Despite the orders, desertion from the British fleet was high, and the force was reduced to about 850 when it sailed for Port-Royal in late August. March resigned the expedition command and was replaced by Wainwright. Subercase was forewarned of the second attempt, and had erected additional defenses to impede the attackers' approaches. He was also reinforced by the fortuitous arrival of the Intrepide, a French frigate under the command of Pierre Morpain. His crew was added to the defences, and captured prize ships he brought with him provided needed provisions for the fort.

==Second siege==

The British fleet arrived near Port-Royal on August 21, and Wainwright landed his troops about 2 mi below (south of) the fort the next day and marched them to a position about 1 mi north of the fort. This area, where March had previously camped, was one of the areas near which Subercase had thrown up additional defensive earthworks. On August 23 Wainwright sent a detachment of 300 to clear a path for the heavy cannon; this attempt was repulsed by forces sent out by Subercase to harass them. Using guerrilla-style tactics and fire from the fort's cannons, they forced the New Englanders to retreat to their camp.

This defeat apparently had a significant effect on the invaders' morale; Wainwright wrote that his camp was "surrounded with enemies and judging it unsafe to proceed on any service without a company of at least one hundred men." In what was probably the most serious clash, a foraging party cutting brush was ambushed by a French and Indian force, and nine of its members were killed. The situation got so bad in the British camp that on the 27th they withdrew to another camp protected by their ships' guns. The camp was not properly fortified, and soldiers there were constantly subjected to sniping and other attacks from French forces and their Indian allies.

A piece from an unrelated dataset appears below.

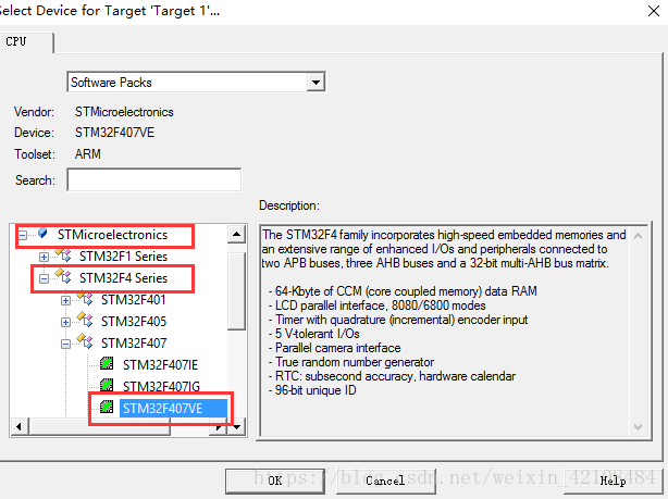 三、接下来会出现一个选择 Device 的界面,就是选择我们的芯片型号,我们选择STM232F407ZE(如果使用的是其他系列的芯片,选择相应的型号就可以了)特别注意: 一定要安装对应的器件支持包才会显示这些内容)。

When Wainwright made a second landing at another point on August 31, Subercase himself led 120 soldiers out of the fort. About 70 men engaged the New Englanders in hand-to-hand combat, which was fought with axes and musket butts. Saint-Castin and almost 20 of his men were wounded while five others were killed. The next day, September 1, the British reembarked on their ships, and sailed back to Boston. The French in their reports claimed to have killed as many as 200 men, but British sources claim only about 16 killed and 16 wounded in the siege.

==Aftermath==

The expedition's return to Boston was also met with jeers. Dudley's commissioners were sarcastically called "the three Port Royal worthies" and "the three champions". Dudley's reports of the affair minimized its failings, pointing out that many plantations around Port-Royal had been destroyed during the two sieges. Dudley also refused to make inquiries into the expedition's failure, fearing the blame would be placed on him. Subercase, concerned that the British might return the following year, worked to strengthen the fortifications at Port-Royal. He also built a small warship to assist in the colony's defenses, and convinced Morpain to raid New England shipping. The privateer was so successful that by the end of 1708 Port-Royal was overcrowded with prisoners from the captured prizes.

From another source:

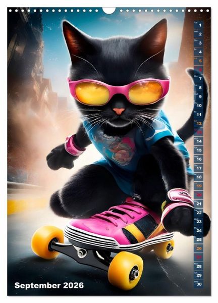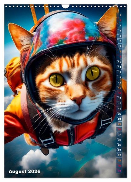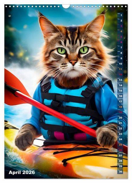 Adventurous cats demonstrate in this charming calendar, what they do on their daily forays. Discover next to skating, surfing, diving or snowboarding other activities of our four-legged friends. The images were created in collaboration with artificial intelligence as well as no animal suffering and were fine-tuned to their final appearance by the calendar author herself.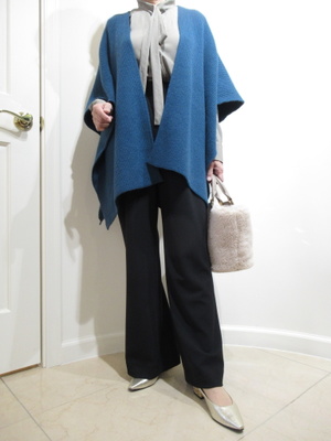 (流行のポンチョで)ソフトワイドなパンツにブラウスインで着こなしてざっくりポンチョを合わせれば今年のポンチョコーデですね。

None of this helped save Port-Royal from the next attack, since France failed to send any significant support, while the British mobilized larger and better-organized forces. Vetch, with support from Dudley, Boston merchants, and the New England fishing community, successfully lobbied Queen Anne for military support for an expedition to conquer all of New France in 1709. This prompted the colonists to mobilize in the expectation that troops would arrive from England; their efforts were aborted when the promised military support failed to materialize. Vetch and Francis Nicholson returned to England in its aftermath, and again secured promises of military support for an attempt on Port-Royal in 1710. In the summer of 1710, a fleet arrived in Boston carrying 400 marines. Augmented by colonial regiments, this force captured Port-Royal after a third siege in 1710.